Lamborghini 350 GT Goes Back to Geneva 60 Years After Debut, It Aged Like Fine Wine

hace 2 meses - 19 marzo 2024, autoevolution
Lamborghini 350 GT Goes Back to Geneva 60 Years After Debut, It Aged Like Fine Wine
The Lamborghini 350 GT is making a comeback at Geneva. The model debuted at the Swiss Motor Show back in 1964. Sixty years later, it flaunts elegant looks, proving that it aged like fine wine.

Ferruccio Lamborghini himself unveiled the Lamborghini 350 GT. He had founded the company just months before, presented its first prototype, the 350 GTV, in October 1963, and officially introduced it in March 1964.

The one on display in Geneva was chassis number 1. It was painted in Metallic Green with a white interior. Subsequently used as a test model for development and endurance tests, the first produced 350 GT turned into a pile of metal following a rear-end collision while stopping at traffic lights. And that was the end of it.

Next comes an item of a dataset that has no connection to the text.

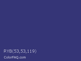 RYB 53,53,119 Color is a normal blue color and the nearest color is Minsk #3f307f. Hex code #353577 and RGB value is rgb(53,53,119). In RGB color space, this color is composed of 21% red, 21% green, 47% blue, In CMYK color space, this color is composed of 55% cyan, 55% magenta, 0% yellow , 53% black , In HSL color space, this color has a hue angle of 240° , 38% saturation and 34% lightness.
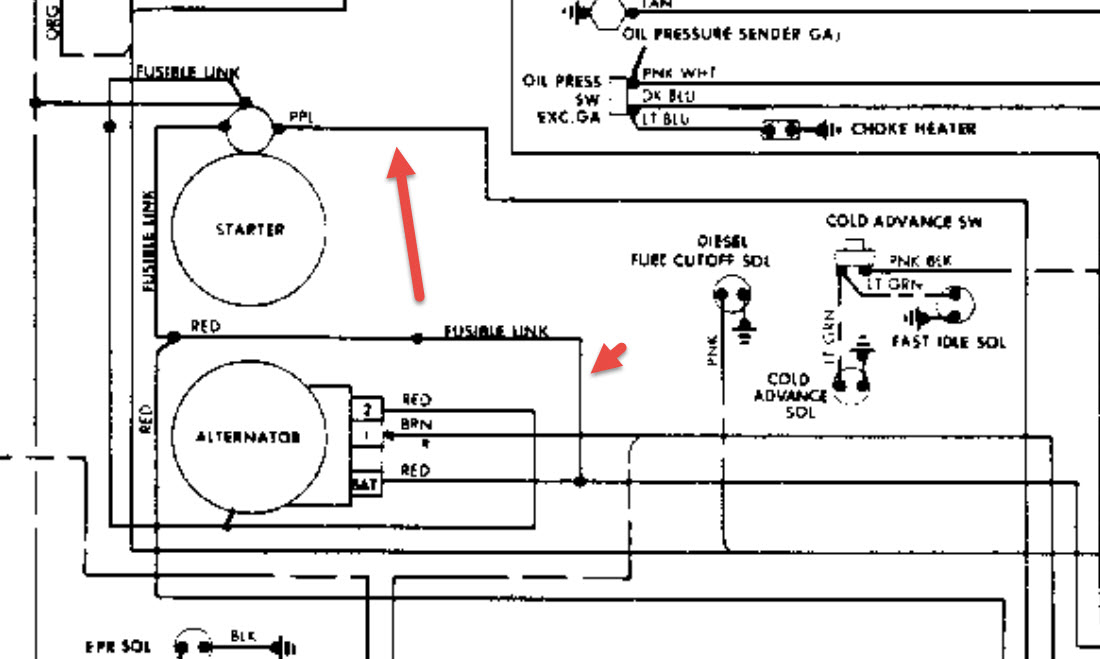 Hi, My older K5 full size diesel blazer has a problem with the starting system. Solenoid doesn't click to initiate the starter, and the bottom fuse (5 amp) ignition? Doesn't have power to either side, and with the key on, no power to the neutral safety switch at the bottom of the steering column. I've replaced the ignition switch, and cleaned the terminals at the (center) of the firewall. Last time I replaced the starter with a Bosch re-manufactured unit, I installed an extra wire to the starter to bypass the ignition switch (for testing purposes only), and when I touch it to the battery, the starter engages, and spins. I tested the fuse links that go to and from the starter and they have 12 volts at each end. The pink wire from the ignition going to the starter, but tested at the firewall bulkhead connector doesn't send power with the ignition in the start position. With the key in the run position, the radio, and dash lights work. The dome, and headlights work as they should. Do you have a wiring diagram for the starting system so I can locate where the power should be coming from to the fuse, and starter? Thank You all!

Lamborghini has taken chassis number 2 to Geneva this spring for a photo shoot around the city where the model made its debut to mark the six-decade anniversary. It comes in Metallic Gray and sports a red leather interior. GT 350 chassis number 2 drove through the gate of the Sant'Agata Bolognese factory on August 15, 1964. Restored and certified by Lamborghini Polo Storico, it is, today, the oldest production Lamborghini in existence.

The model was designed by Franco Scaglione and built at Carrozzeria Sargiotto in Turin, while engineer Giampaolo Dallara was responsible for the chassis and frame. It came with flowing lines and displayed the bull symbol, while the finest leather covers the two front seats and one central rear seat.

A 3.5-liter V12 engine carried over from motor racing, sporting four overhead camshafts, engineered by Giotto Bizzarrini and adapted for road use by Paolo Stanzani, powered the 350 GT. It generated 320 metric horsepower, and it made a dramatic noise that Ferruccio Lamborghini impressed visitors and customers alike in Geneva.

Lamborghini increased the capacity of the 3.5-liter V12 to 4.0-liter just months later in the 400 GT, turning it into an icon. It was the engine that the carmaker used for the upcoming 40 years.

It found room in a longitudinal position in the 400 GT, Islero, Jeramy, Espada, and LM 002. Meanwhile, the Miura received it in a rear transverse position. The Countach and the Diablo were powered by the same engine mounted in a rear longitudinal layout.

The first customer to receive the new 350 GT was drummer Giampiero Giusti from the jazz band "I 5 di Lucca," later turning into the "Quartet di Lucca." The move got the attention of celebrities. A string of actors and musicians were suddenly interested in what Lamborghini rolled out in Sant’Agata Bolognese.

The car also showed up in the 1967 Columbia Pictures movie "Kill Me Quick, I'm Cold," where it was driven by the leading couple Monica Vitti and Jean Sore.